For two years Gillan lived as a nursemaid in the household of Richard Mulcahy, but in 1927 she decided to emigrate to work as a nurse in America; she worked in hospitals in Boston, Massachusetts, where she participated in the life of a large community of Irish emigrants, including many from Aran, former neighbours as well as her own relatives. For a time she worked in a hotel, but after her marriage to Edward ‘Ned’ Dirrane in the Jamaica Plain section of Boston in November 1932, she went back to nursing. Her husband was also from Inishmore, and worked as a labourer in Boston until his death from heart failure after only eight years of marriage. There were no children, and Dirrane continued to work as a nurse in hospitals and as a district nurse. She became a naturalised US citizen on 13 May 1940. During the second world war, she had a job as nurse in a munitions factory, and also worked for the US Army Air Forces at a bomber base in Mississippi. She supported John F. Kennedy’s candidature for the American presidency in 1960, canvassing for him in the Irish community in South Boston. In 1997, his sister, the US ambassador to Ireland, Jean Kennedy Smith, visited the centenarian in Galway to acknowledge the connection; Bridget also met US Senator Edward Kennedy, the deceased president’s brother.

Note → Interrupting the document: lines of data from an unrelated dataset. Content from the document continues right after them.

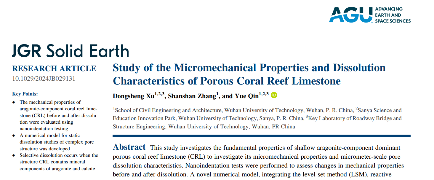 成人影视片 基础设施智能感知与安全防护研究团队,依托国家优秀青年基金和面上基金等项目,在Journal of Geophysical Research: Solid Earth(《地球物理研究杂志:固体地球》)上发表题为Study of the Micromechanical Properties and Dissolution Characteristics of Porous Coral Reef Limestone的研究成果,该研究揭示了珊瑚礁灰岩溶蚀作用下孔隙结构演化机理,量化表征了溶蚀前后力学性能变化行为。成人影视片 土木工程建筑学院为该成果的第一完成单位,徐东升教授,博士生章珊珊和秦月教授共同科研攻关,实现了工程地质学、化学、岩土试验力学等学科的交叉融合。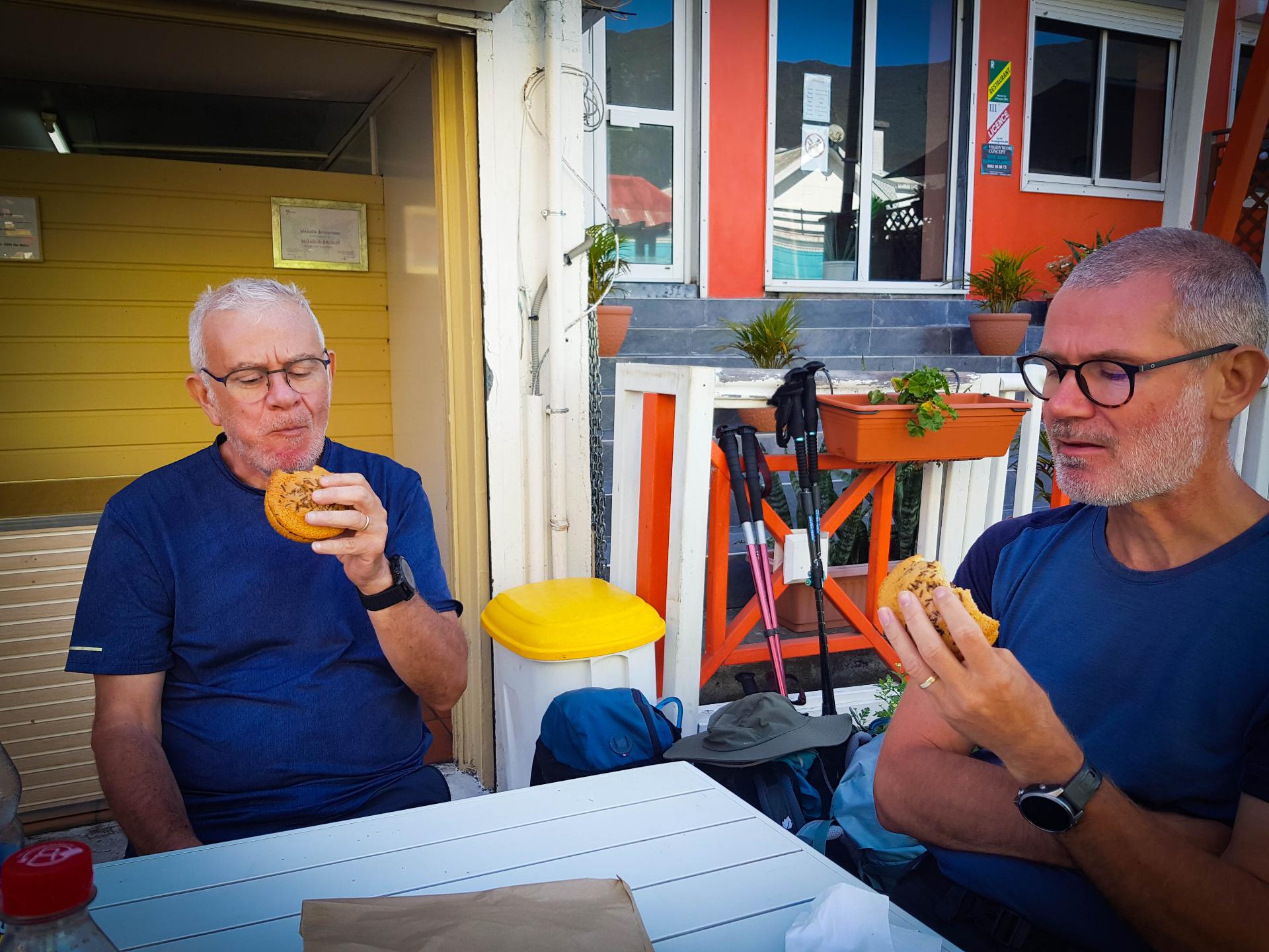 La veille, on nous a vanté une petite boulangerie qui ne paie pas de mine mais qui a semble-t-il, de quoi se délecter. Direction le centre de Cilaos, la boulangerie est vite trouvée et nous nous installons en terrasse pour nous délecter de samossas et beignet au chocolat. 7h30 pour réaliser l'étape: il faut bien ça pour récupérer.
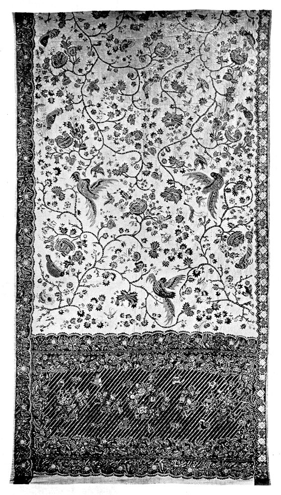 The “slendang” is no more complicated as to shape and the decoration is either in the form of an all-over design, or it has a plain centre with a decorative border. It is usually about three yards long and eighteen inches wide, and it is worn by the women who throw it over their heads, scarf-wise, but its use is more general as a “carry-all” for babies and other personal effects.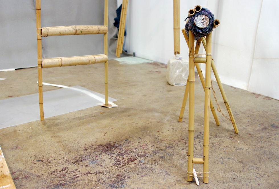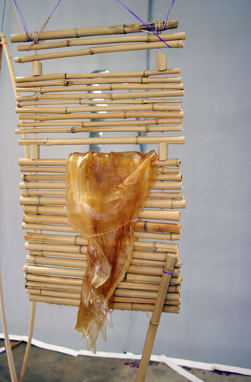 bamboo, interval timer, rubber bands, homemade ballistic gelatin with salt & ground red pepper, chewed gum, static shielding bags, clay, underglaze, light, empty package from China, 432hz tuning fork, silk, fan, staples, folded paper, sheetrock, burlap

After her retirement, Bridget lived for a time with a nephew, but in 1966, aged 72, she came back home to her native townland in Aran. She went to live with her late husband’s younger brother Pat Dirrane, a widower with three grown-up sons. To preserve the proprieties, they were married in a private ceremony on 27 April 1966. Together they renovated a house (Bridget active even in slating the roof), and enjoyed the community life on Inishmore, until Pat died on 28 February 1990. His son’s family lived with her until she needed more care, when she moved into a nursing home in Newcastle, a suburb of Galway city. Bridget Dirrane lived in three centuries and outlived her siblings and the friends of her youth, but all her life retained the faith of her childhood. To give thanks for reaching her 100th birthday, she paid for a statue of Our Lady to be placed at a holy well in Corough on Inishmore. When Dirrane was 103, the matron of the nursing home, Rose O’Connor, arranged for a local writer, Jack Mahon, to record her reminiscences and prepare a book, A woman of Aran. It was published in 1997, and remained on the bestseller list for several weeks. In May 1998, Dirrane was the oldest person ever to receive an honorary degree, when NUI Galway awarded her an MA, honoris causa, and she lived to be the second oldest Irishwoman.
She died in Galway, aged 109, on 31 December 2003, and was buried in Killeany graveyard on Aran.